Bon Voyage my beauties. Enjoy your new lives in the Land of the Rising Sun....

27 November 2003

****RHKIRK CLANDESTINE TRANSMISSION #1*****


Q1. What do electronic acts Al Jabr, Biochemical Dread, Blacworld, Citrus, Cold Warrior, Dark Magus, Digital Terrestrial, Electronic Eye, International Organisation, Multiple Transmission, Nitrogen, Orchestra Terrestrial, Papadoctrine, Robots & Humanoids, Sandoz, and Trafficante have in common?

A: They're all Richard H. Kirk solo projects since the early '90s.

Q2. How many albums of new material has Kirk recorded in the last 10 years?

A: About 22

Q3. How old is he?

A: Not sure. If anyone can tell me, please do. I guess he must be pushing 50 by now.

Q4. So you're trying to tell me this old fart is still relevant?
A: Abso-fucking-lutely. If anything, Kirk is getting more relevant now than ever. One of his latest albums, this year's Bush Doctrine, is just as in tune with the times as Red Mecca was back in 1981. If only it was released on a more high-profile label, instead of the chronically unknown Cocosolidc1t1, then maybe more people would know about it.

****TRANSMISSION ENDZ*****

26 November 2003

In the interests of scientific curiousity, I'm considering subjecting my infant son to Raymond Scott's "Soothing Sounds For Baby" albums. Will report any interesting developments or side-effects.
Ever get one of those chain letter e-mails, that tell you you'll have bad luck if you don't pass it on to another 10 people? I completely ignored one this week and my luck's been great ever since, so there!

final touchdown...


Further to my post about Concorde recently, I was one of the lucky winners of tickets to see the final landing at Filton Airport today. An excellent experience.....

23 November 2003

Richard H. Kirk - the second prelude....

So why does Richard H. Kirk mean so much to me? I mean, most reasonably informed electronica fans are aware of his work, and maybe even like the odd record. But what makes me follow his 'career' so slavishly, buying all these obscure CDs on obscure labels under obscure aliases? Why have I bought just about every Kirk or Cabs product on the first day of release for nearly the past 20 years?
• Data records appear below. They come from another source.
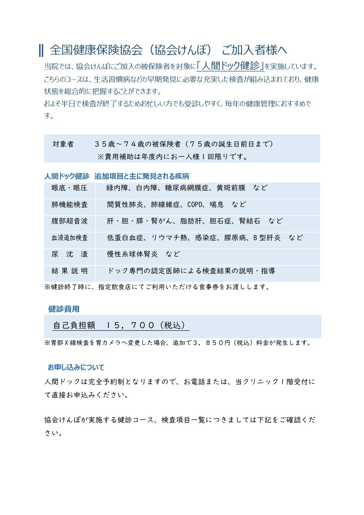 2026.3. 7 協会けんぽ健診の受付開始について(寿泉堂クリニック) 令和8年度(2026年4月1日~)の協会けんぽ健診の受付を下記日時より開始いたします。 〇受付開始日 令和8年3月9日(月) 〇受付時間 平日8:30 ~ 12:00、13:30 ~ 17:00 土曜8:30 ~ 12:45 〇電話番号 024-939-4616 ※お電話にてお申し込みください。 健診内容 ・生活習慣病予防健診(一般健診) ・人間ドック健診 ・節目健診(付加健診) ・乳がん検診 ・子宮がん検診 ・骨粗しょう症検診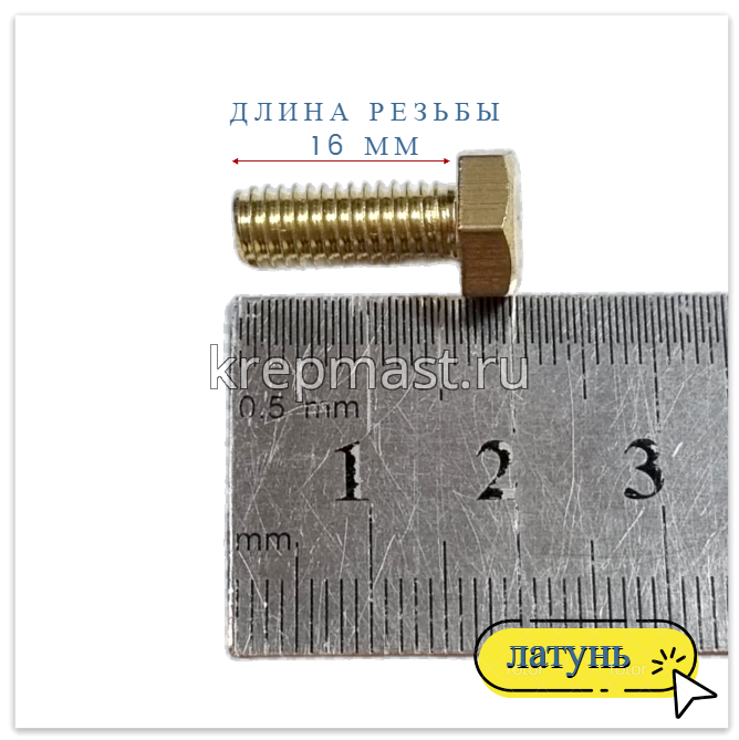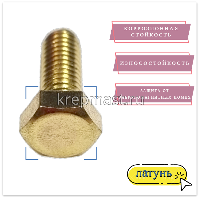 Болт 6х16 DIN 933 латунь в интернет-магазине «Мастер Крепежа» по цене 46 руб. Более 26 наименований товаров в наличии в категории Болты латунные DIN 933. Купить болт 6х16 din 933 латунь в Зеленодольске выгодно Вы можете on-line на нашем сайте, или отправив заявку по почте, а также по телефону или в пункте выдачи компании г. Казань, ул. Татарстан, 9, магазин "Мастер Крепежа". Доставка по Республике Татарстан и другие регионы РФ.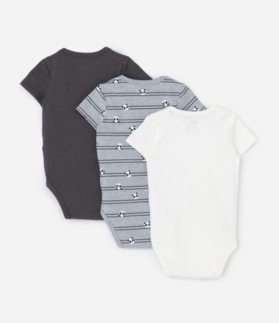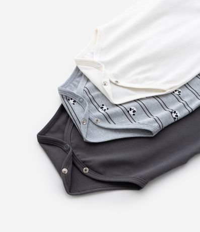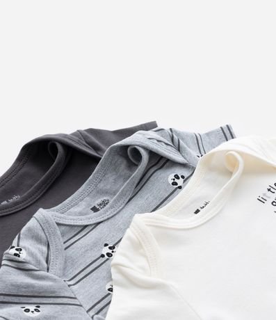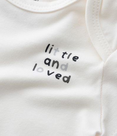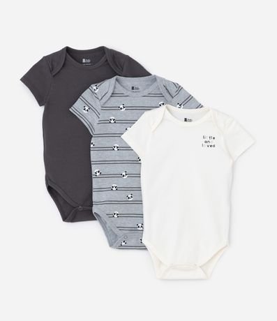 Ref: Kit com 03 bodies infantis confeccionados em cotton mais sustentável através de boas práticas ambientais, gola americana, manga curta, fechamento no entrepernas. 01 peça não possui estampas, 01 peça possui estampa de pandinha e listras e 01 peça possui lettering "Little and loved".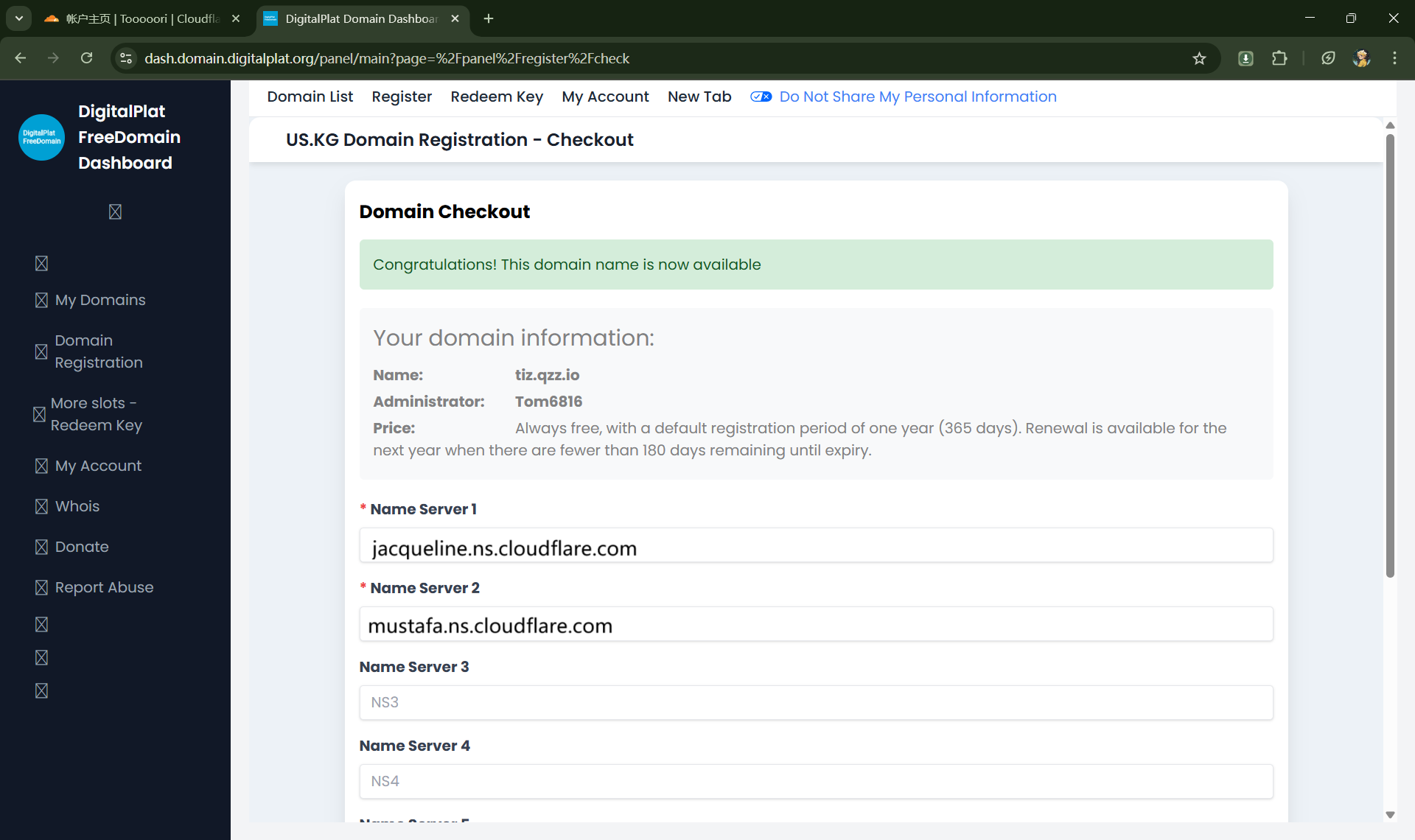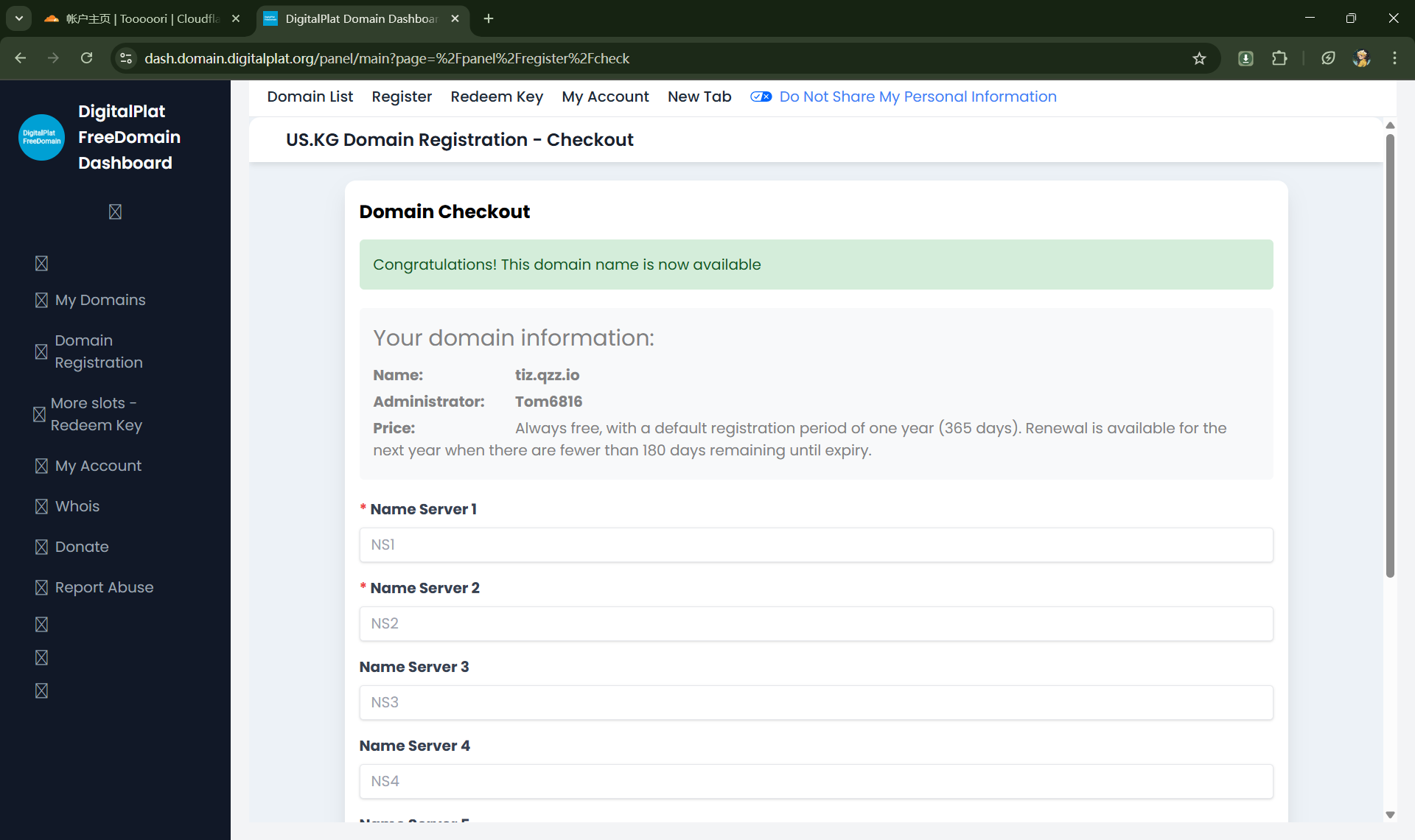 3.一个域名(可有可无,大陆用户一定要有),可以前去https://nic.us.kg/申请一个免费的us.kg二级域名,具体的下面会讲。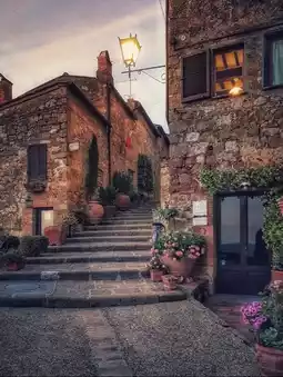 🌿 Renaissance streets and flower-adorned balconies at Palazzo Piccolomini.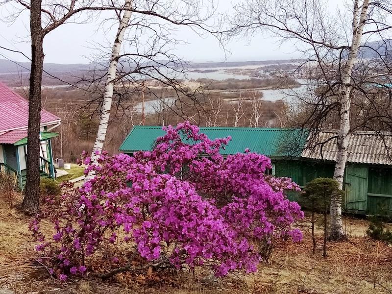 Наш рододендрон сихотинский в эту весну цвести не торопился. На южных склонах он зацвёл в середине третьей декады. А вот на сопках ближе к морю зацвёл он позже и не дружно. Было замечено, что цветочных почек на кустах маловато, поэтому цветки были редки. Вид этот является полулистопадным. То есть часть листьев опадает, но на молодых побегах вырастают новые светло-зелёные листочки. В эту весну зелёные листья росли в большом количестве одновременно с цветением. Ну, а повсеместного розово-лилового оттенка на склонах во время цветения в апреле не наблюдалось. Цветущие кусты хорошо просматривались лишь на фоне серых скал. Но впереди май, когда цветение рододендрона достигнет массовости.
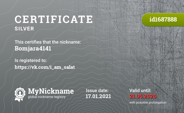 Nickname Bomjara4141 is registered to https://vk.com/i_am_salat. Issued certificate ID1687888. Issue date 17.01.2021.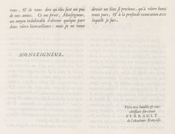 Editor: So, this is *Forord til "Los Desastres de la Guerra", 1863-udgaven*, by Francisco Goya, made with etching, engraving and paper. It’s…text. I mean, it *looks* like the pages of a book, right? But being here in the museum, blown up like this, you can appreciate the way it’s been printed on the page. What catches your eye, when you look at it? Curator: What grabs me is thinking about *how* this object was created. Goya’s "Disasters of War" series…these weren’t paintings for a salon, right? They are prints, produced through etching and engraving. Consider the labor involved. He's mass producing these images. So what happens to Goya's status as a creator when his work can be owned by many instead of the wealthy few? How does that shift the dialogue between artwork and viewer? Editor: Ah, that’s interesting! So, rather than just thinking about what the text *means* – which is…frankly, beyond my high school Spanish! – we think about how Goya chose *this* medium, printmaking, to disseminate his ideas on war. But couldn't he achieve similar outcomes using paints? Curator: Well, paintings would've limited access and made the statement itself a very different one. Prints are reproducible, cheaper and circulated more widely and freely. Here, Goya, like many artists of his time, critiqued social hierarchies and historical atrocities not only through their chosen subjects, but the media used in producing them, blurring high art with craft and even social commentary. Editor: I see. So the medium isn't just a delivery system, it's an integral part of the statement. Considering its cultural impact makes you look at Goya in a new way. I’d thought it was *just* text. Curator: Exactly! That’s materiality for you: questioning how a piece’s cultural and historical context influence the artist and transform our interpretation.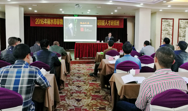 11月2日下午,金年会商业美术系主任叶林心教授应邀为“2016年丽水市非物质文化遗产(青田石雕)高技能人才研修班” 作《他山之石——寿山石雕刻篆刻艺术》主题讲座, 得到了在场学员的一致好评。
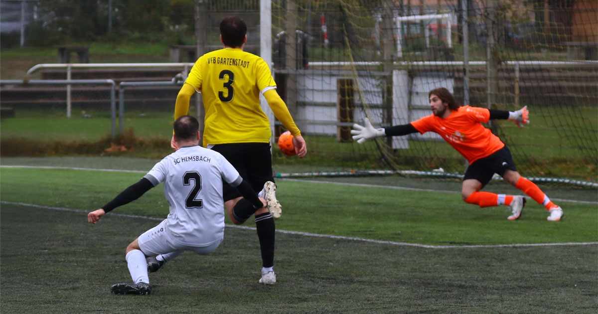 Der VfB Gartenstadt ging mit den ersten beiden Chancen des Spiels gleich in der 8. und 9. Minute mit 2:0 in Führung. Loth und Gutjahr trafen kurz hintereinander. Hemsbach war in den ersten Minuten überhaupt nicht ins Spiel gekommen, hat sich dann aber nach diesen beiden Gegentoren immer mehr gefangen. Man bekam das Spiel von Minute zu Minute besser in den Griff und machte da weiter, wo man letzte Woche aufgehört hatte – und zwar mit einer sehr guten Chancenverwertung.
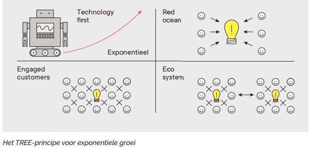 Waar men vooral blind voor is, is wat Vera het TREE-principe noemt. “Vier factoren die exponentieel en eigen zijn aan de succesvolle modellen, waarbij klanten massaal overstappen naar die andere wereld. Technologie eerst, een Rode Oceaan, Engagement van de klant en een Ecosysteem. Elk bedrijf kan dat vertalen naar zijn eigen context.”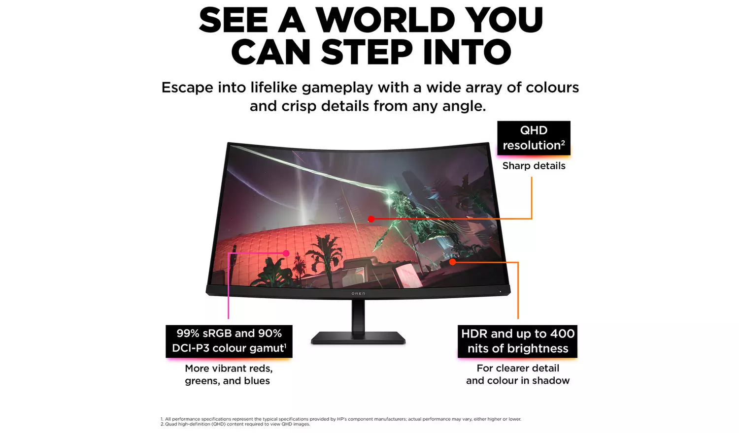 Transform your gaming setup with the HP Omen 31.5 Inch 165Hz QHD Gaming Monitor from The G Quest. Add to cart today for an immersive curved display with fast UK delivery and unbeatable performance.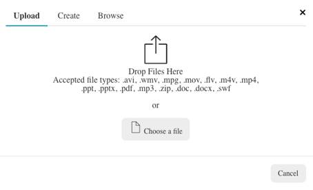 The upload tab allows you to upload any content including videos that can be viewed. If you wish to create your own, move to the Create tab and select one of the following.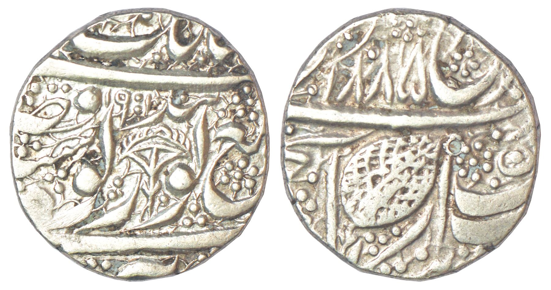 Sikh Empire, silver rupee, Amritsar mint, 'Nanak Shahi' couplet, VS 1885/1901, Royal Chhatra symbol within Gur Gobind on reverse, G. Singh 01.62.01, 11.02g.

Basically, it's because this is where it all began for me. Most people's first taste of alternative music usually begins with the usual reference points - Velvet Underground, Smiths, Fall. Me, I went straight from Smash Hits to The Crackdown. Cabaret Voltaire were my gateway to the underground. I discovered them by chance when the videos for "Just Fascination" and "Sensoria" were played on the Max Headroom show. Remember Max? That pseudo-computer generated personality played by Matt Frewer? 'Course you do! Everybody remembers Max and his mad stuttering dialogue. The pop videos broadcast on his show varied from total pop-fluff to obscure hair-metal to even more obscure indie-experimenters. Every episode was some sort of learning experience for me. But it was those Cabs promos that really got under my skin, particularly Just Fascination which I taped and watched over and over again. I felt the change a-comin'. The realisation that maybe there was more to music beyond Queen, Billy Joel and Nik Kershaw. Something about Mal's freaky staring eyes, or maybe Richard's spectral presence...perhaps Peter Care's superb video direction and visual techniques..Definitely something about those hard rhythms. Quite accessible yet very un-pop with none of the usual hooklines. That ominous synthetic groove was the hook. The lyrics... more like a mantra, "This private... Fascination, just fascination, just fascination", looping, hypnotic, mesmerising. It's also quite possible that Peter Care's voyeuristic close-ups of the mysterious female in the black stilleto's and fishnets had some kind of profound effect on my still-developing psyche, introducing me to a particular adult pasttime known as sexual fetishism. (Even now, I'm still turned-on by a nice pair of ankles in high heels - thanks for that, Pete). Overall I was getting the impression that here was something with bit more depth than the usual chart-fodder. Something that took a little time and effort to assimilate and form opinions about. Something that perhaps had a message within the message. Something that had something important to say, but wasn't gonna say it directly. It wanted the listener/viewer to draw their own conclusions; there was a veil of mystery, an aura of subversivness, that just clicked with me.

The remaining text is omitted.